SwimmerJoe – If you are a heavy training athlete, you need to know how to recover, fuel up before workout and maintain a regular diet during a rough training season. For maximum focus, strength and sustainability during workouts, nutrition is a must. If you DO NOT regularly practice this, you WILL NOT be at your best. Start now and try it for a full season, you’ll see a huge difference!
via USA Swimming and Livestrong.com
BY CHRIS ROSENBLOOM, PHD, RD, CSSD
All kinds of pre-workout supplements are being marketed to athletes claiming to boost energy, enhance performance, and improve endurance. Do you need to eat before a workout? If so, what should you eat or drink? Let’s look at who might need a pre-workout snack and the best choices.

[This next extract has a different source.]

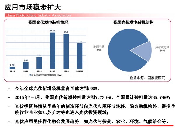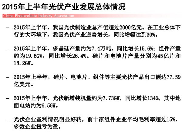 上半年我们光伏制造业总产值超过2000亿,同比增幅达到30%,多晶硅7.4万吨,增长19.6%。上半年的时候,硅片电池片等主要光伏产品出口额77.59亿美元,上半年新增装机7.73GW,毛利率都是两位数。首先应用市场稳步扩大,去年10.6GW,两年之内变成世界第一大光伏市场。当年我们两头在外的时候,我们市场不值得一提。去年和前年的时候,连续两年成为世界最大的市场。今年1-6月,新增装机7.73GW全国累计达到35.78GW。现在整个光伏产业的投资热情已经从前几年的热衷于制造环节向应用环节转移,很多光伏行业的企业都已经涉足于应用环节了,非光伏行业的企业正在积极进入光伏领域。这应该是发展现状和特点。

If your workout lasts longer than 45 minutes (and what swimmer’s workout doesn’t?) you should fuel up before exercise. What you should eat and how much you should eat depends on how much time you have before a workout.
Ideally, you will have time for a healthy meal 3-4 hours before exercise, so that there is time for the food to be digested and absorbed. But when reality strikes and you don’t have time to eat before swim practice, you should at least eat 30 grams of carbohydrate. Carbs that are easily digested and eaten 15 minutes before exercise can improve your performance when compared to exercising with no carbohydrate.
Here are my top picks for snacks with 30 grams of carbohydrate. These foods also provide other benefits, such as extra vitamins and minerals needed for optimum performance.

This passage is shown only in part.